Fiscales y policías procedieron a la destrucción de un cargamento millonario de cocaína que fue decomisado el pasado 2 de octubre por la Marina Nacional a 1,150 millas náuticas -equivalentes a 2,130 km- de la costa salvadoreña, al sur de la Bocana del Cordoncillo, en San Luis La Herradura, departamento de La Paz.
En esa ocasión, las autoridades interceptaron una embarcación tripulada con tres ciudadanos ecuatorianos que transportaban 1,795 kg de cocaína, valuados en más de $44.8 millones.
La droga fue destruida en el predio Changallo, situado en el distrito de Ilopango, jurisdicción de San Salvador Este.

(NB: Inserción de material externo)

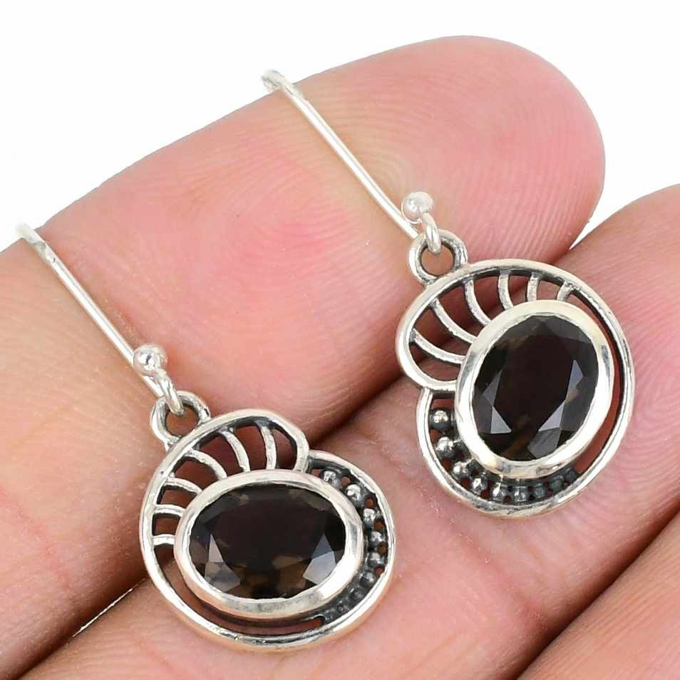 Friendship Day Sale Smokey Stone Hook Dangle Earrings Jewelry 925 Solid Silver
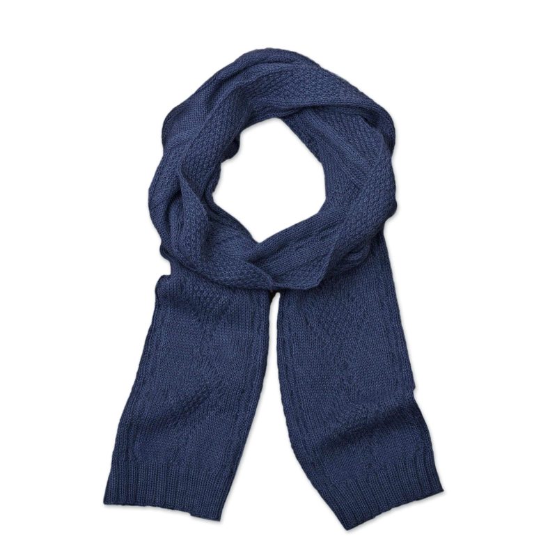 Working alongside his wife, Wilber Calapuja carries on the profession of his mother, crafting beautiful attire and accessories from Peru. He knits this unisex scarf from 100% alpaca wool that is soft and elegant. Created in azure blue, it features diamond and braid patterns knitted along its length.

El 15 de octubre cuando fueron conocidos más detalles del operativo en altamar, el ministro de Seguridad Pública y Justicia, Gustavo Villatoro, aseguró que todo cargamento de cocaína que ha sido interceptado es destruido.
«Todo esto que se decomisa se destruye, no hay un gramo de cocaína decomisado que esté pendiente de destruir bajo supervisión judicial y ninguno de los detenidos internacionales ha recuperado su libertad», expresó el funcionario.
Por estos hechos son procesados los ecuatorianos: Fabián Alexis López Reyes, Jefferson Javier Tomala Cedeño y Carlos Alfredo Masías Mero, acusados por los delitos de tráfico ilícito y agrupaciones ilícitas en perjuicio de la paz pública.
Respecto a la condición legal de los extranjeros, trascendió que el Tribunal Quinto Contra el Crimen Organizado de San Salvador ordenó su detención provisional mientras sigan procesados.
«De acuerdo con las nuevas reformas a la Ley Contra el Crimen Organizado, se ordenó la detención provisional y se estableció un plazo de instrucción de dos años», indicaron fuentes judiciales. Por este caso, el fiscal general, Rodolfo Delgado, reiteró el compromiso de la institución para seguir combatiendo el narcotráfico.